Inner class of a template class friend function

Question

I have a templated class A with an inner class B . I want to have a friend == operator. However, the following code does not compile. It says, couldn't deduce template parameter 'T'

#include <iostream>

template<typename T>
struct A
{
    struct B
    {
        T b;

        template<typename T2>
        friend bool operator == (const typename A<T2>::B& b1, const typename A<T2>::B& b2);
    };

    B b;
};

template<typename T>
bool operator == (const typename A<T>::B& b1, const typename A<T>::B& b2)
{
    return b1.b == b2.b;
}

int main() {
    A<int>::B b1, b2;
    b1.b = 3;
    b2.b = 2;

    std::cout << (b1 == b2) << std::endl;

    return 0;
}

I have to have the friend version because the way one of the STL algorithms calls it results in == not found otherwise even if I have bool operator == (const B& b_) { return b == b_.b; } bool operator == (const B& b_) { return b == b_.b; }

What is the way to solve this?

Answer 1

It's a non-deduced context .

Ostensibly you could have a definition like

template<typename AB>
bool operator == (const AB& b1, const AB& b2)
{
    return b1.b == b2.b;
}

but it's too broad as it catches all types.
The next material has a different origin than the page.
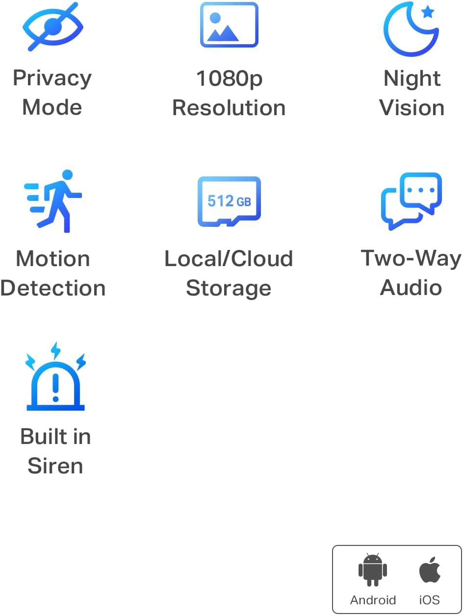 Protect your home with the Tapo C100 smart indoor security camera Wi-Fi. Featuring crystal-clear 1080P high-definition video, it captures every detail inside your home. Receive instant push notifications when motion, a person, or baby crying is detected from this baby camera monitor, all without additional fees. Monitor your home day and night with up to 30ft of night vision using the integrated IR sensor. Utilize the 2-way audio with a built-in siren to use as a pet camera with the phone app and deter intruders. Fully compatible with Amazon Alexa and Google Assistant, simply use voice commands to view the Tapo indoor security camera live stream on Echo Show or Google Chromecast with a screen. Store footage continuously on a microSD card up to 512 GB (not included) or subscribe to Tapo Care for cloud storage, offering a 30-day video history and additional benefits such as motion tracking and baby crying detection. [Before purchasing a microSD card, please check the TP-Link website FAQ to ensure compatibility with your device.]

Yoiy can restrict it this way

template<typename AB>
auto operator == (const AB& b1, const AB& b2) ->
     std::enable_if_t<std::is_same_v<AB, typename A<decltype(b1.b)>::B>, bool>
{
    return b1.b == b2.b;
}

Answer 2

This worked for me.

#include <iostream>

template<typename T>
struct A
{
    struct B
    {
        T b;
    };

    friend bool operator==(const typename A<T>::B &b1, const typename A<T>::B &b2)
    {
        return b1.b == b2.b;
    }

    B b;
};

int main() {
    A<int>::B b1, b2;
    b1.b = 3;
    b2.b = 2;

    std::cout << (b1 == b2) << std::endl;

    return 0;
}